Science

MIT Just Made Drone Swarms Way Harder to Hack

M. Scott Brauer

A world of wifi controlled robots sounds like a dream until someone hacks the drone that’s picking up lunch and your Taco Bell goes to feed a hacker. Fortunately, researchers from MIT have developed a way to protect drone swarms from being hacked.

“There are a lot of really great things on the horizon,” Stephanie Gil, an MIT research scientist and the study’s lead author tells Inverse. “As we start introducing more robotic systems into the mainstream, I think it’s important to start to think about security in different ways.”

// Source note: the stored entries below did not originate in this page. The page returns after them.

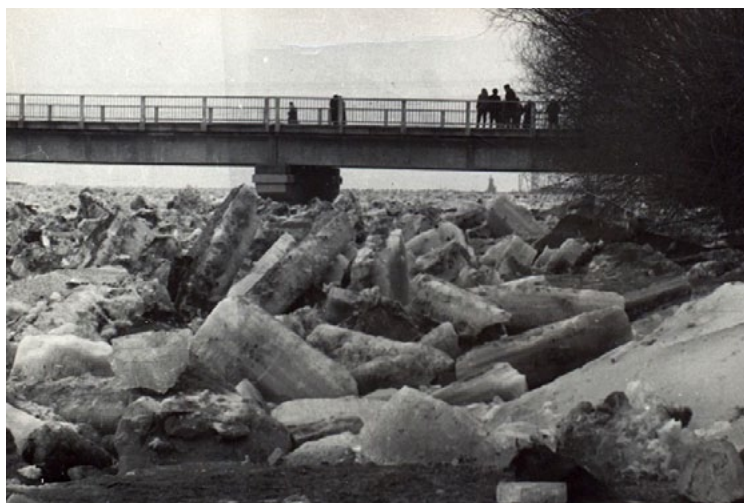
Ledus kāpj ārā no krastiem un gandrīz jau sasniedzis tilta augšū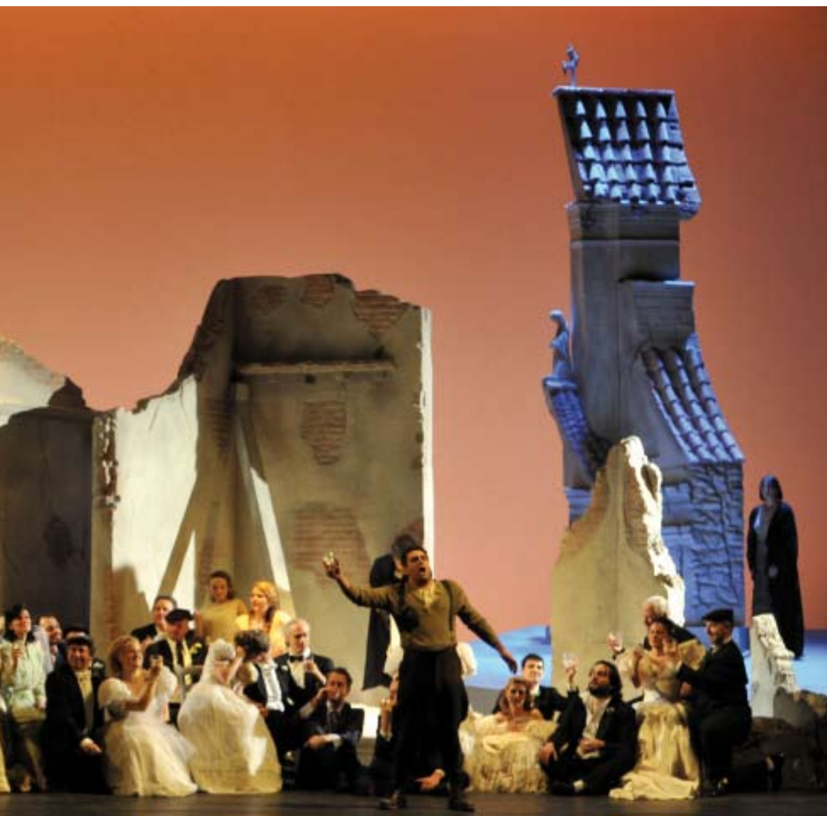
La Cavalleria rusticana nel nuovo allestimento della Fondazione Teatro Goldoni di Livorno nella stagione lirica 2011

del Goldoni: il primo è stato dedicato alla Messa di Gloria , il secondo, intitolato Il bianco manto di Isabeau , è stato dedicato alla ricorrenza del centenario della prima dell'opera mascagnana, con l'esecuzione di alcune delle pagine più importanti della partitura, con Mario Menicagli sul podio, solisti il soprano Silvana Froli e il tenore Nicola Simone Mugnaini. Infine, il 7 dicembre 2012, l'interessante operazione Rapsodia mascagnana , affidata alla fisarmonica di Massimo Signorini e al pianoforte di Diego Terreni: una carrellata di trascrizioni strumentali di pagine tratte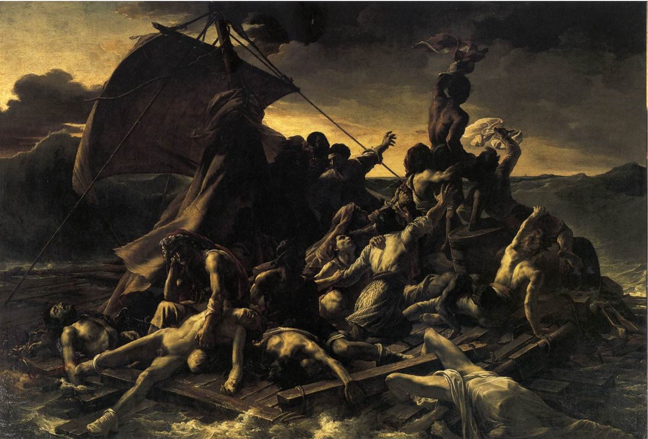
Žeriko. Medūzas plosts. 1818 - 1819.

The key, the researchers say, is an algorithm that makes the wireless signal controlling a group of robots a unique identifier in and of itself. This way, any deviation from the correct signal would be read as false by the drone swarm. This connection between the wireless signal and the physical world makes things like drone swarms, drone delivery, and potentially autonomous cars significantly safer. The algorithm is a novel way to make sure all the robots that are going to be in our lives are able to tell which signals are telling the truth and which ones are tricks. The researchers published their findings in Autonomous Robots at the end of February.

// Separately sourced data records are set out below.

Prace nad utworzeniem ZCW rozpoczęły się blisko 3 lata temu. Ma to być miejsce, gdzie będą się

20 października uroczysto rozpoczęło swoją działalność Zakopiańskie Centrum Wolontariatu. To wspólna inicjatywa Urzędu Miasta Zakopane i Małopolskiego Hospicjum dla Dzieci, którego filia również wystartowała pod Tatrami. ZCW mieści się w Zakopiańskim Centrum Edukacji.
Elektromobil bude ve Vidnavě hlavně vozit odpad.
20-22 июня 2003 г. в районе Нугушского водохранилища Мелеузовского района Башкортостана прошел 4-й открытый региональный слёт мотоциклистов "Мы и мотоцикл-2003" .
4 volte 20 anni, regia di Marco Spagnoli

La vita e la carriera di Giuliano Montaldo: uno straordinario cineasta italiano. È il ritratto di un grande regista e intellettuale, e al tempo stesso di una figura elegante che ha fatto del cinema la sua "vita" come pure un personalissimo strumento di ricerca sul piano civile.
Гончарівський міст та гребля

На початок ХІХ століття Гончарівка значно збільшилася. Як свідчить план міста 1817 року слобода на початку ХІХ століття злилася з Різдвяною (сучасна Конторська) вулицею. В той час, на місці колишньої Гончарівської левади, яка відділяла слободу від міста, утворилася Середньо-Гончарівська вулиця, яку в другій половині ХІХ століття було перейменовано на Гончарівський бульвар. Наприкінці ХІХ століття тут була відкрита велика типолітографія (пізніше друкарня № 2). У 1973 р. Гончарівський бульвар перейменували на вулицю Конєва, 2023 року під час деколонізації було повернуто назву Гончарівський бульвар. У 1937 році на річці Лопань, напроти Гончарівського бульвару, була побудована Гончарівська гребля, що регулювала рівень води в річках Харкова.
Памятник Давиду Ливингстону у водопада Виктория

“I think we think of wireless signals of having a main function, which is just to transfer data,” says Gil. “But it turns out that in traveling through the environment it gains a lot of information.” As wireless signals travel from one place to another, the signals bounce off obstacles, or are weakened by passing through objects. A trip from one receiver to another has a unique energy pattern because of the space in between the devices. The algorithm created by Gil and her team compares the original strength of the signal, and the final strength of a signal in all directions and creates a “fingerprint” for each device.

“What we’ve tested so far are flying vehicles and small ground robots,” says Gil. In a drone swarm, all of the drones can carry the protective algorithm, which lets the robots determine if it is getting the correct location information for all the other drones. “We can actually protect the actions of our drones against malicious spoofers in our environment,” says Gil.

Using the fingerprint algorithm, the drone is able to identify that the "spoofed clients" in this test aren't real. (The wire attached to the drone is only to power it so it can perform longer experimental flights.)

Gil et al. 

The researchers tested the fingerprint by loading the algorithm on a delivery drone trying to make a series of deliveries to different locations in the lab. Then they sent a series of spoofing attacks to the drone, trying to convince the computer system that the deliveries belonged at a location specified by the hacking. By identifying that the requests weren’t coming from where they said they were, the drone barely wavered in performing the correct deliveries.

“If the origin of the signal is being reported as one position, but you’re not getting any energy from that direction, you might want to red flag that signal,” says Gil. This prevents a hacker from disguising requests on the system as if the signals were coming from multiple places, because the algorithm can identify that all the requests are coming from the same place in the physical world.

Inverse asked Gil if she thought her algorithm could be used to protect the autonomous cars that Charlize Theron hacks in the new Fate of the Furious trailer. “I would say that sounds like an interesting area for future research,” she says, laughing.